*EXERCISE*
Reproduce exactly only the lines from the line that holds "So here I am" to the line that holds "曽根 一千期さんを姓名の画数から五運を鑑定", inclusive, in the listing below, and please leave out every picture.

*EXTRACTED ENTRIES*
_ _ _ _

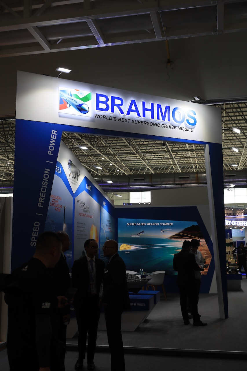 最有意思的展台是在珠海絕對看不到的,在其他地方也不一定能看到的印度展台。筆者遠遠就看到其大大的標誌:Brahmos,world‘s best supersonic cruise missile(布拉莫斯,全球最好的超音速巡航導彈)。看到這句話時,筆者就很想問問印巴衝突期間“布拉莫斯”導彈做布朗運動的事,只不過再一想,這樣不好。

_ _ _ _

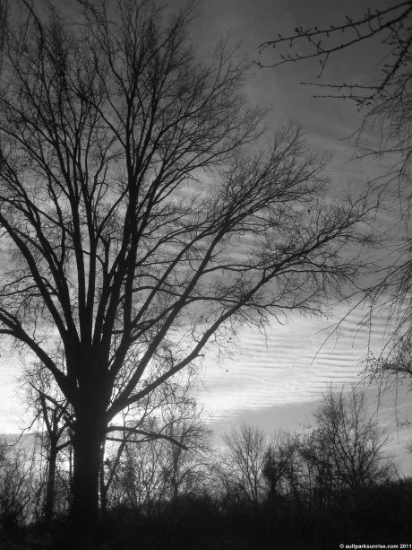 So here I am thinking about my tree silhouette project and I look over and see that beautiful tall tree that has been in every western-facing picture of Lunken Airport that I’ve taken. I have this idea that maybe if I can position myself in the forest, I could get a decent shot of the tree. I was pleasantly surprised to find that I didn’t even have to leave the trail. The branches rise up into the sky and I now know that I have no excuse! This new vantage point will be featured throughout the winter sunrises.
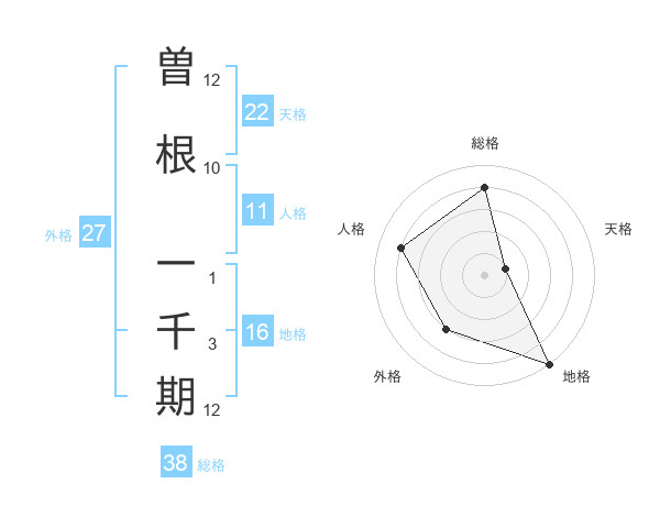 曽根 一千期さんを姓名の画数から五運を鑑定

_ _ _ _

*THE ANSWER*
 So here I am thinking about my tree silhouette project and I look over and see that beautiful tall tree that has been in every western-facing picture of Lunken Airport that I’ve taken. I have this idea that maybe if I can position myself in the forest, I could get a decent shot of the tree. I was pleasantly surprised to find that I didn’t even have to leave the trail. The branches rise up into the sky and I now know that I have no excuse! This new vantage point will be featured throughout the winter sunrises.
 曽根 一千期さんを姓名の画数から五運を鑑定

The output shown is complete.